How can I verify the schema (number and name of the columns) of a Dataframe in pyspark?-CodePudding

I have to read a csv file and I have to verify the name and the number of columns of the dataframe. The minimum number of columns is 3 and they have to be: 'id', 'name' and 'phone'. There is no problem of having more columns than that. But it always needs to have at least those 3 columns with the exact name.
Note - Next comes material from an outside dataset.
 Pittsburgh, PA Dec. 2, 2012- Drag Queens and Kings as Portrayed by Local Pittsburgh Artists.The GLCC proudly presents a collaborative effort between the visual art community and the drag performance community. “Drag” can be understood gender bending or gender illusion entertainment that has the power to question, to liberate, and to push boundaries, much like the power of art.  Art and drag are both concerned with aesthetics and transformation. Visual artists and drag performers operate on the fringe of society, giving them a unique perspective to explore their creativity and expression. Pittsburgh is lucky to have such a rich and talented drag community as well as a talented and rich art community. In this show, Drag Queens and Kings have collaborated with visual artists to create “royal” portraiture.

Otherwise, program should fail.

For example: Correct:

 ----- ----- -----     ----- ----- ----- ----- 
|   id| name|phone|   |   id| name|phone|unit |
 ----- ----- -----     ----- ----- ----- ----- 
|3940A|jhon |1345 |   |3940A|jhon |1345 | 222 |
|2BB56|mike | 492 |   |2BB56|mike | 492 | 333 |
|3(401|jose |2938 |   |3(401|jose |2938 | 444 |
 ----- ----- -----     ----- ----- ----- -----

Incorrect:

 ----- ----- -----     ----- ----- 
|  sku| nomb|phone|   |  sku| name|
 ----- ----- -----     ----- ----- 
|3940A|jhon |1345 |   |3940A|jhon |
|2BB56|mike | 492 |   |2BB56|mike |
|3(401|jose |2938 |   |3(401|jose |
 ----- ----- -----     ----- -----

CodePudding user response：

Using simple python if-else statement should do the job:

mandatory_cols = ["id", "name", "phone"]

if all(c in df.columns for c in mandatory_cols):
    # your logic
else:
    raise ValueError("missing columns!")

CodePudding user response：

Here's an example on how to check if columns exist in your dataframe:

from pyspark.sql import Row


def check_columns_exits(cols):
    if 'id' in cols and 'name' in cols and 'phone' in cols:
        print("All required columns are present")
    else:
        print("Does not have all the required columns")


data = [Row(id="3940A", name="john", phone="1345", unit=222),
        Row(id="2BB56", name="mike", phone="492", unit=333)]
df = spark.createDataFrame(data)
check_columns_exits(df.columns)

data1 = [Row(id="3940A", name="john", unit=222),
         Row(id="2BB56", name="mike", unit=333)]
df1 = spark.createDataFrame(data1)
check_columns_exits(df1.columns)

RESULT:

All required columns are present
Does not have all the required columns